Green continued his lights-out Finals work from long range on his way to a 27-point evening on 9-15 shooting, hitting 7-9 from behind the arc and taking his Finals three-point percentage to a ridiculous 69 percent. Green has hit 16 treys in the final round thus far, and the Heat were just unable to counter the Spurs guard’s confident decision-making and expert placement.

Meanwhile, Gary Neal came off the bench to hit 6-10 three-pointers of his own, confounding a Heat defense that should know that Neal is a scorer first, second, and 92nd once he takes his warm-ups off. The sharpshooter finished with 24 points of his own, as Spurs coach Gregg Popovich (with continued big minutes handed to Matt Bonner and Cory Joseph off the bench) has clearly made outside shooting a priority against the sagging Heat. The 16 three-pointers San Antonio hit established an NBA Finals record.

On Miami’s offensive end of the court, the team looked confused, hesitant, and damningly reminiscent of the Miami Heat squad that struggled to adapt to the Dallas Maverick movement on defense in the 2011 NBA Finals.

Once again, the team attempted to work through Dwyane Wade and Chris Bosh at the beginning of the game, and while Wade was initially game (looking spry, hitting his first lay-in and later an impressive reverse shot in the first quarter), Bosh was aiming shots and clanging from the perimeter. Both received more and more good looks as the game went on, but finished with 11-25 shooting marks on their way toward a combined 28 points. A far cry from the dominant 29 points Wade contributed in a Game 3 win over the Mavericks two years ago.

Worse, LeBron James failed to get it going on that end once again. He missed 11 of his first 13 shots and 14 of 21 overall as the Spurs baited him into a series of “ga’head, try it”-bombs from the perimeter, failing to get to the line all game while scoring just 15 points. He took poor shots, he missed poor shots, he let the game come to him in a way that wasn’t conducive to winning, and he didn’t even make it to the nationally televised podium press conference after Game 3.

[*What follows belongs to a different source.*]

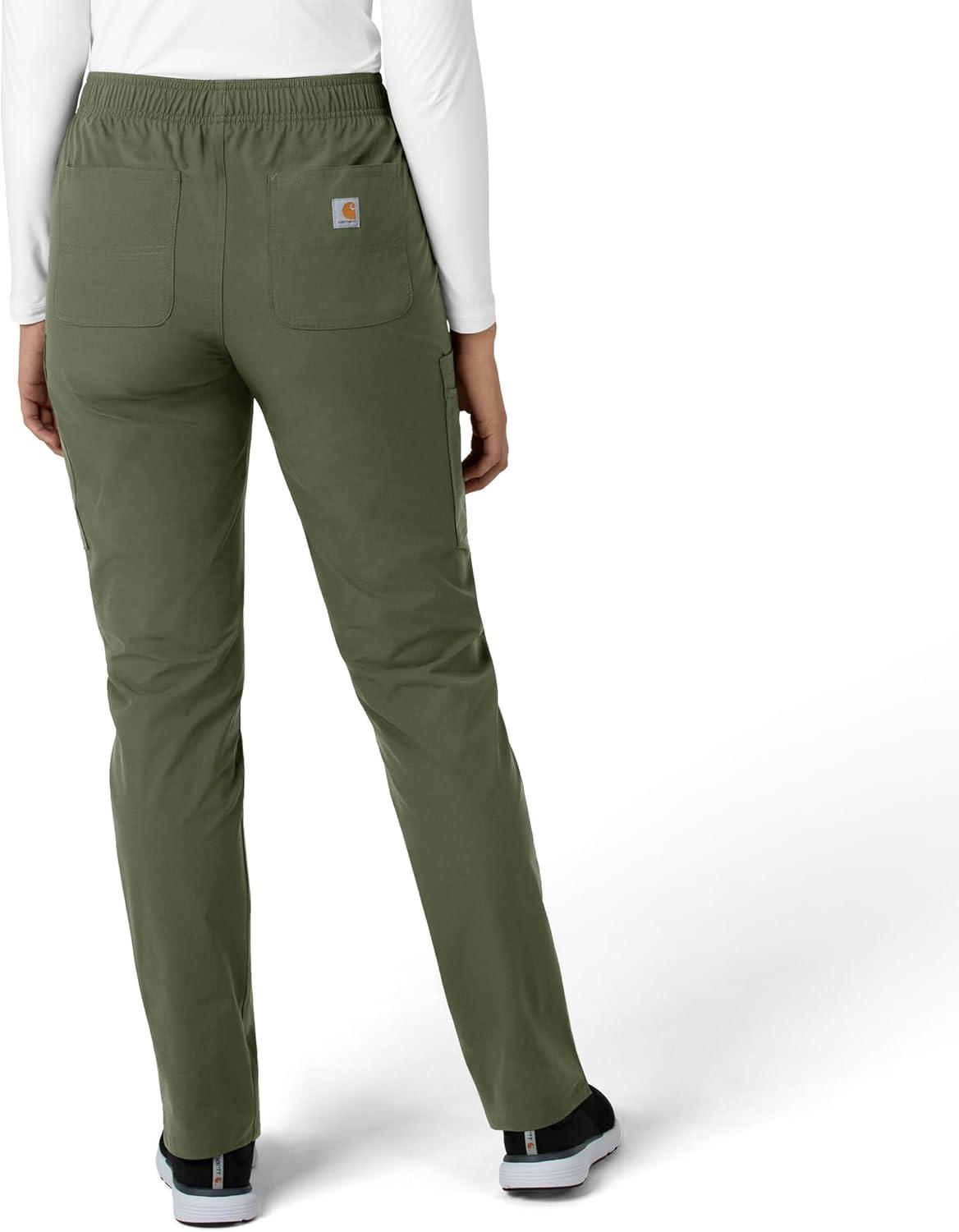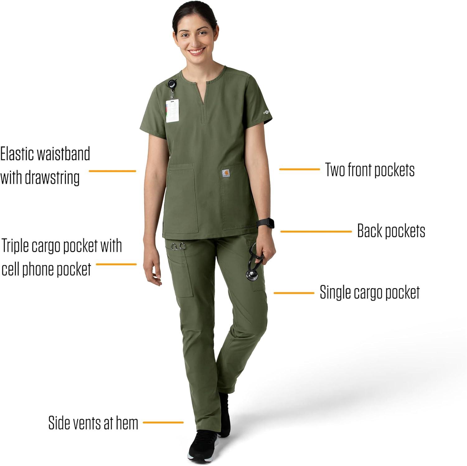 Carhartt Scrubs for Women, Force Crossflex StraightLeg Cargo Pants with Drawstring and 7 Pockets(Olive)

This has to be a low point, for LeBron. If he doesn’t treat it as such, the Heat won’t get to play another game in Florida this season.

Clap for San Antonio three times before hissing at LeBron, though. James can play better, but the Spurs have put the NBA’s MVP in a position that leaves him unsure and hesitant. That’s a wonderful luxury, as James often looks like he doesn’t know which of his 42,000 killer offensive moves to go while attempting to topple the Spurs’ defense, but that’s long (as the Spurs, Celtics, Magic and Mavericks will tell you) been the way to beat James. He has a basketball brain as big as his basketball skills, and when he spends too much time deliberating, those two really, really big things tend to work against each other.

Of course, a few missed free throws and clanged open shots from 25-feet can change the course of things all over again in Game 4. The Heat can grab the home court advantage on Thursday in a close win that will have all of us forgetting the time that the Spurs toppled the defending champs by 36 points in Game 3. From there, the series would turn into a best of three, with Miami potentially working up two games at home as a result of a magnificent regular season that saw them win 27 games in row during one stretch.

Something has to straighten out, though. And with Wade ailing and Bosh unsure of his aim, the onus has to fall on LeBron James. He has to turn it around, all over again.